You could also just get or borrow a sizing die and use the seater you have

Idaho
10-22-2016, 10:44 PM
yobuck, I appreciate your thoughts. I have 100 new Lapua cases that I had prepped and primed. Part of the preparation was for me to run them through the case neck sizing die to get consistent neck tension. (I now know that was waaaayy too much) Tonight I dug out the size button for the decaping rod and lubed the inside of the necks and ran then all past that button in the die. Then I loaded up 10 cases and am amazed at how much easier the bullets seated. (one of the new collars that I ordered for the neck sizing die will duplicate this effort)

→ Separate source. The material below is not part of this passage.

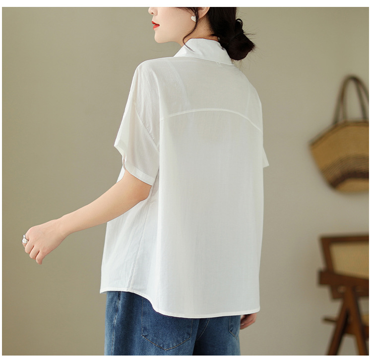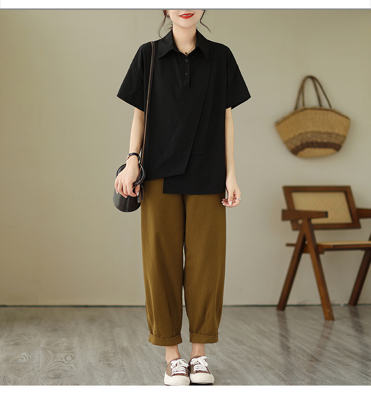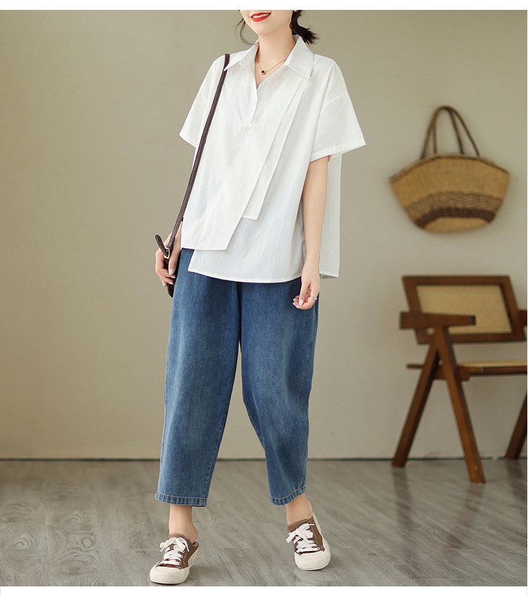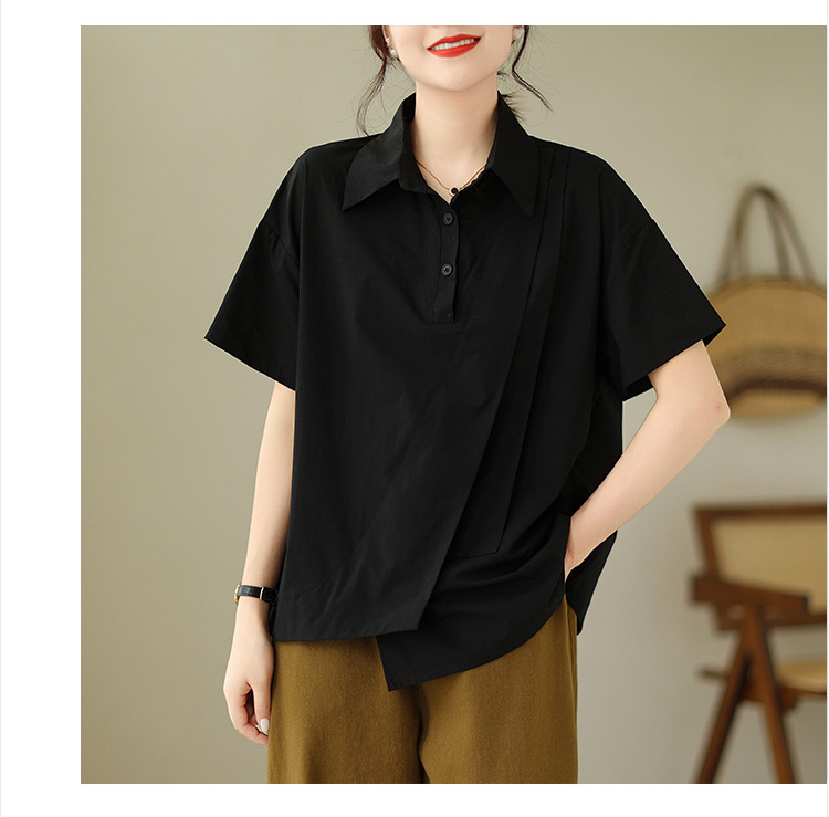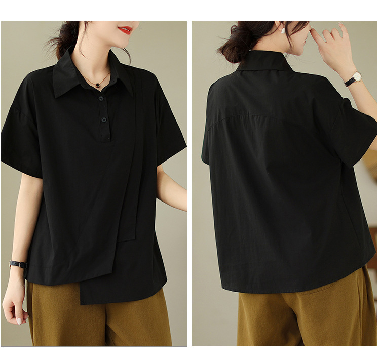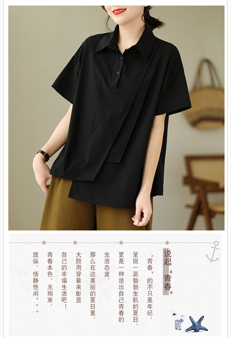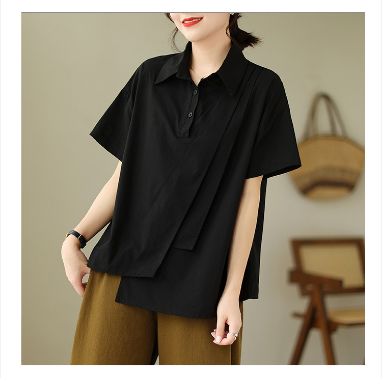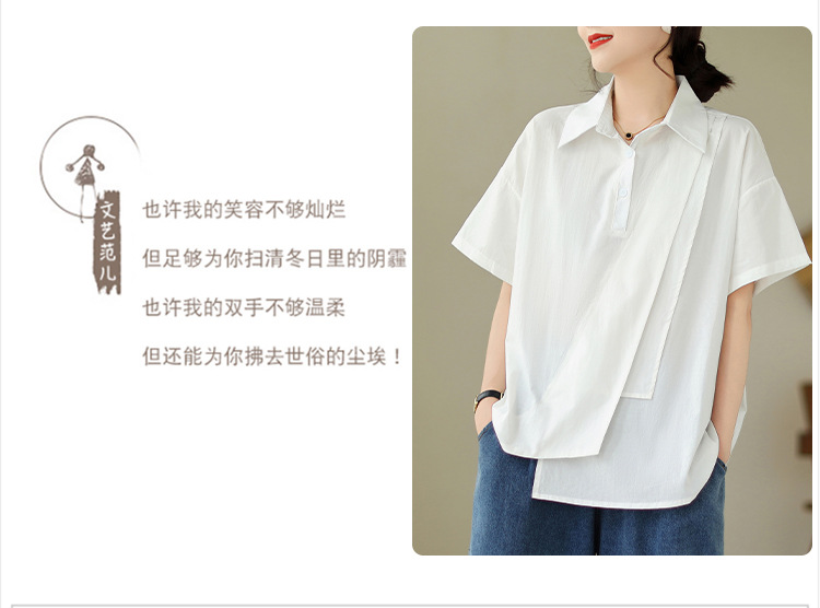 9071 # 원래 불규칙한 바느질 머리 셔츠 여성 디자인 짧은 소매 셔츠스토어 가기

Now, I can't wait to get to the range to see if it makes any appreciable difference in MV spread and accuracy. I like puzzles. Mostly, I like chasing the secret to extreme accuracy. It still elludes me but I'm getting closer and having a blast along the way.

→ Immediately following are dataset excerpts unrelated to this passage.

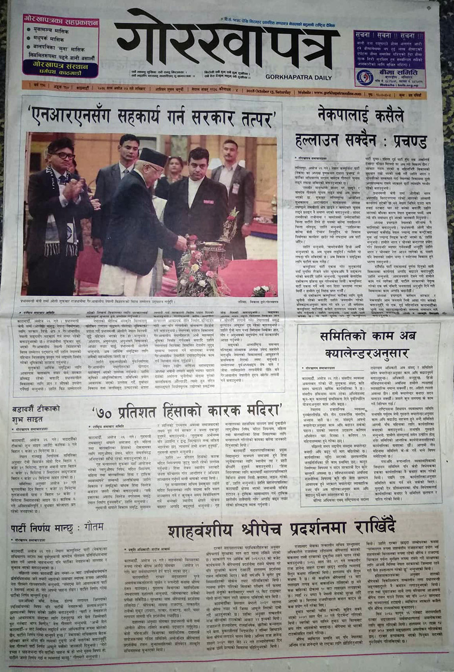 यही समाचार गोरखापत्र दैनिकमा पनि छ ।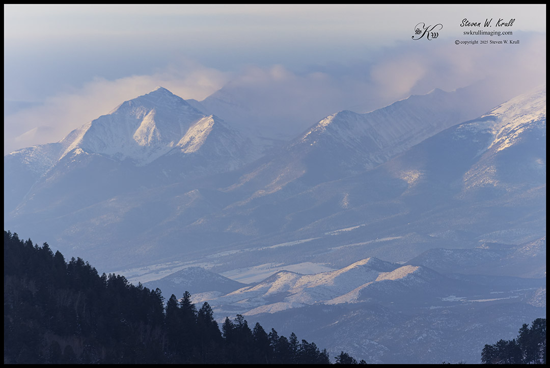 By this time the sun was fully illuminating the new mantle of snow on the Sangre de Cristo Range, which were enhanced even further by remnants of the storm clouds, still lingering on the high peaks.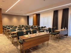 Tiyatro düzeninde 70 kişi, Sınıf düzeninde 36 kişi, U masa düzeninde 25 kişi, Yuvarlak masa (banquet) düzeninde 40 kişi, Blok masa düzeninde 50 kişi, Kokteyl düzeninde 50 kişi kapasiteye sahiptir. Farabi Meeting Room, iş toplantılarından kurumsal etkinliklere, özel davetlerden atölyelere kadar tüm organizasyonlarınız için profesyonel bir ortam sunar.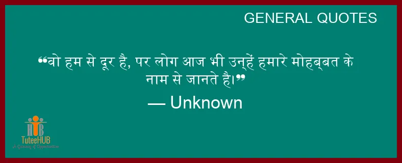वो हम से दूर है, पर लोग आज भी उन्हें हमारे मोहब्बत के नाम से जानते है।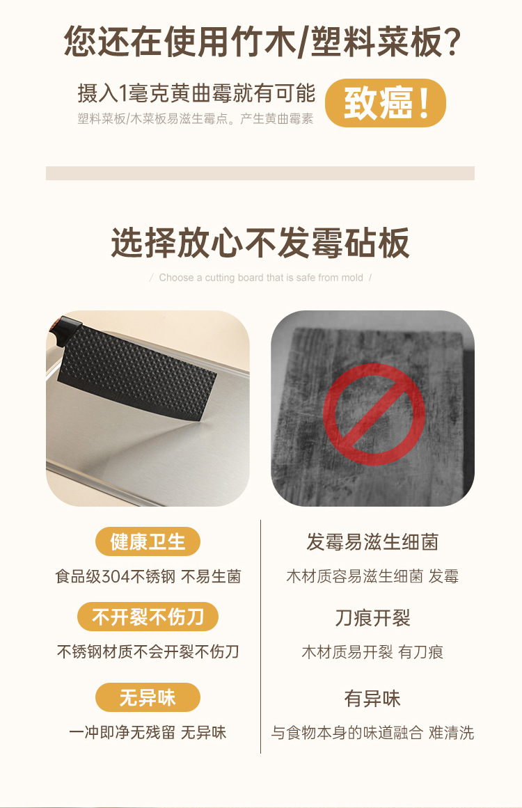 304不锈钢食品级菜板抗菌防霉家用切菜案板和面砧板大号擀面板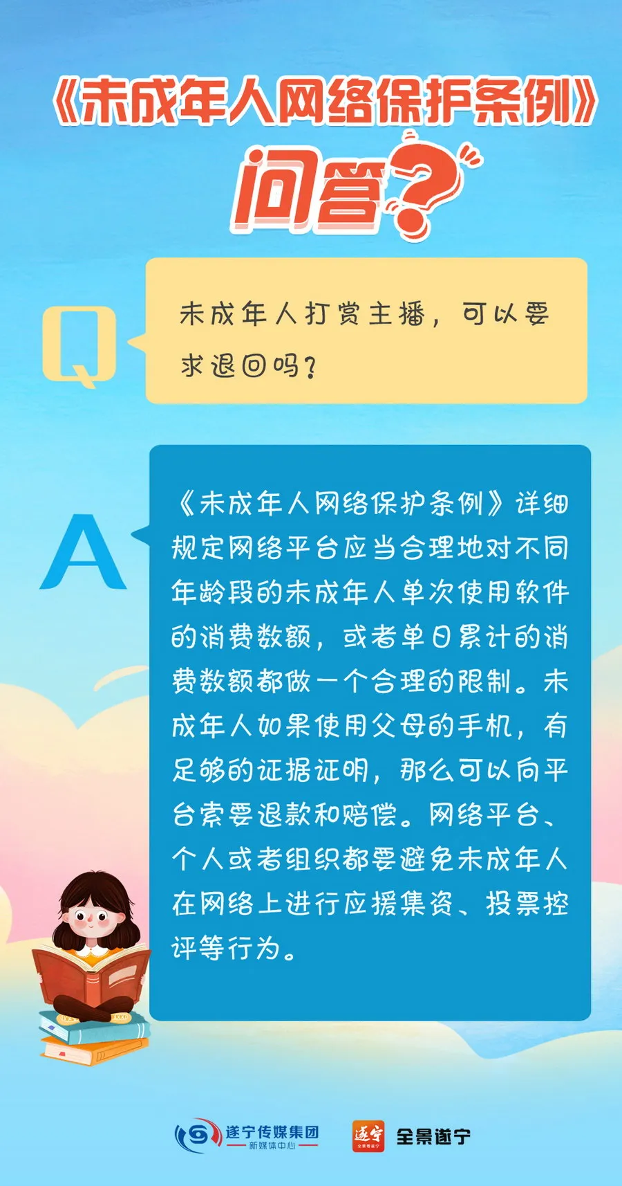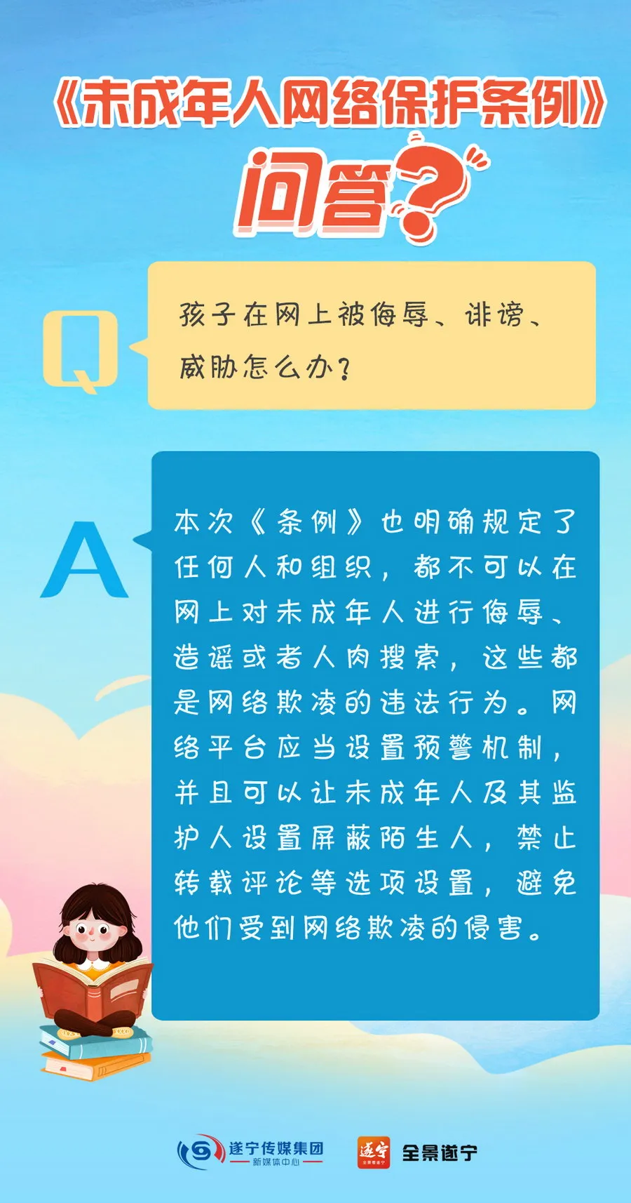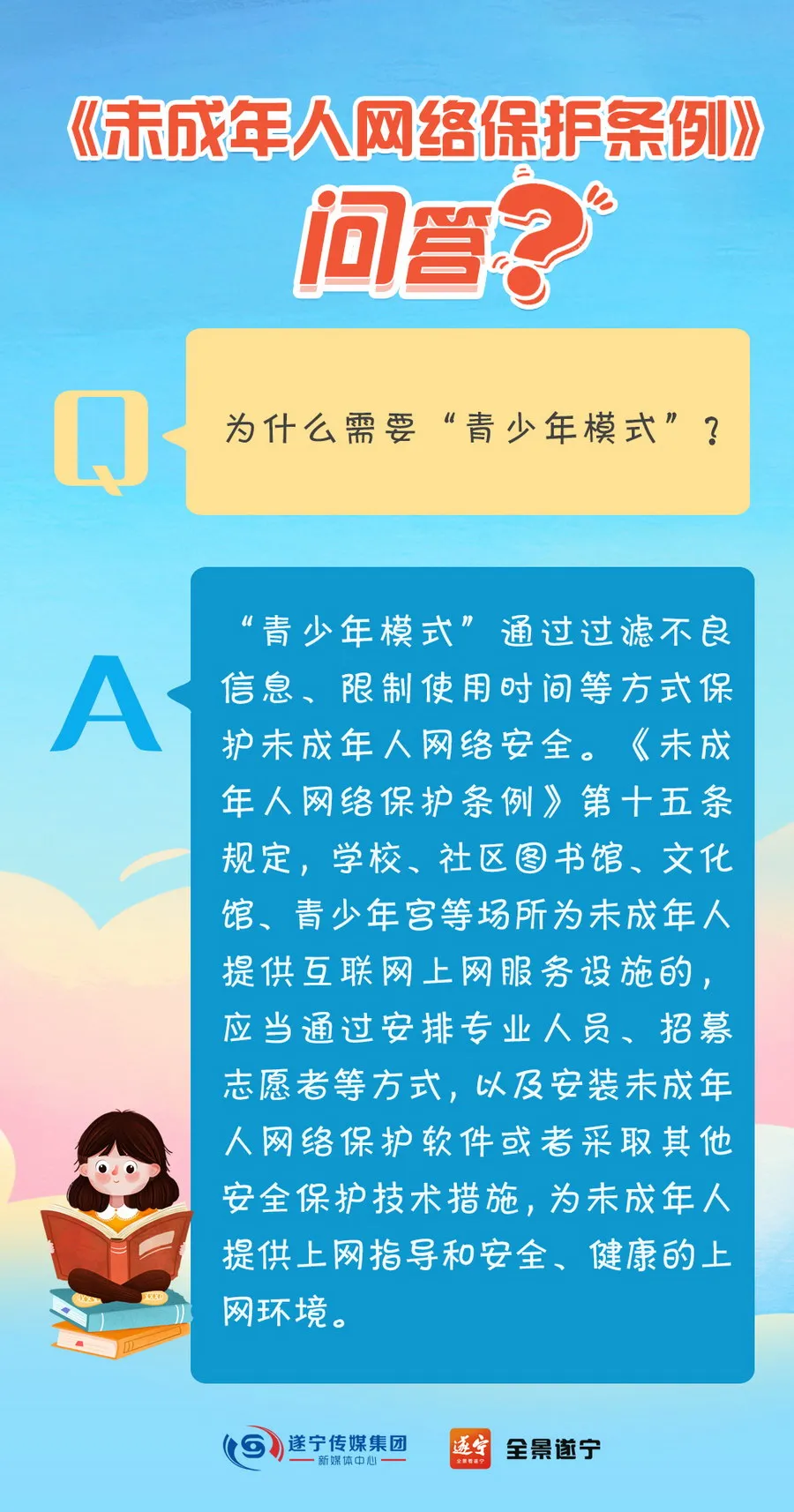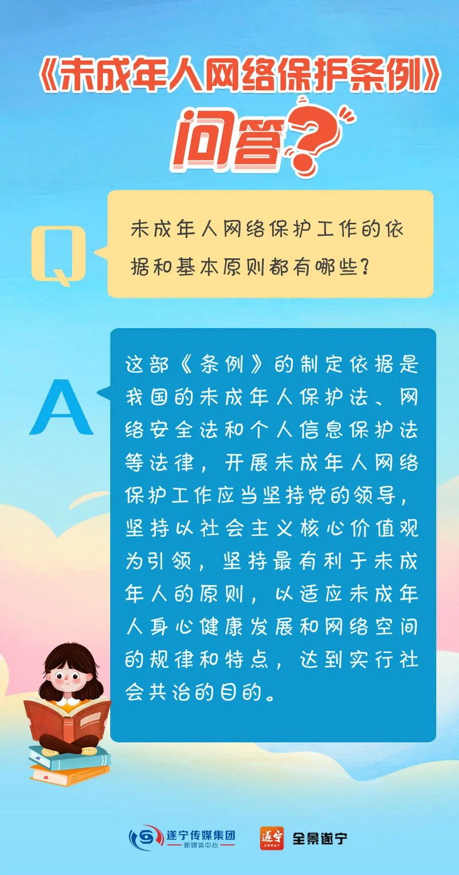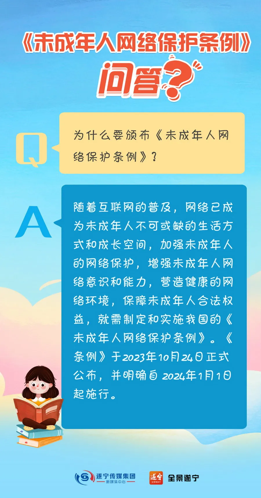 2024年1月1日起《未成年人网络保护条例》(以下简称《条例》)正式施行《条例》共7章60条重点对促进网络素养、规范网络信息内容、保护个人信息、防治网络沉迷等方面作出规定一组问答海报带你学习《条例》重点↓↓来源:全景遂宁

As to annealing the cases, I agree, I don't think it will help appreciably in my case. (no pun intended) Anyway, the new Lapua brass is clearly annealed and ready to go.

yobuck
10-23-2016, 10:05 AM
Some day when you can spare some time, take a ride to Gillette Wy. Take rt 59 south thru town about 5 miles to Hoe creek rd and turn right.
About 2 miles will bring you to Macs Gunworks on the right. Chuck Macintosh is the owner/gunsmith. He also has a range there where you canshoot at steel targets at 100 yd intervels out to 2000 yds.
He is a very easy guy to meet and get to know. He would no doubt let you shoot one of his guns.
Probably even one of his long range pistols.
You will find that good guns shoot, and they will shoot well for everybody with pretty much whatever you feed them.

Wide Glide
10-24-2016, 03:14 PM
Probably would have been cheaper and harder to screw up if you bought the lee collet neck sizer and redding body die. No messing around with bushings or neck tuning just simply neck size fired brass with the lee each time until they start getting tight to close the bolt on then use the redding die to bump shoulder back along with neck sizing with the lee.

Idaho
10-24-2016, 10:38 PM
Probably would have been cheaper and harder to screw up if you bought the lee collet neck sizer and redding body die. No messing around with bushings or neck tuning just simply neck size fired brass with the lee each time until they start getting tight to close the bolt on then use the redding die to bump shoulder back along with neck sizing with the lee.

Yes, well, live and learn. I'm enjoying the journey, learning a lot, looking forward to each revelation.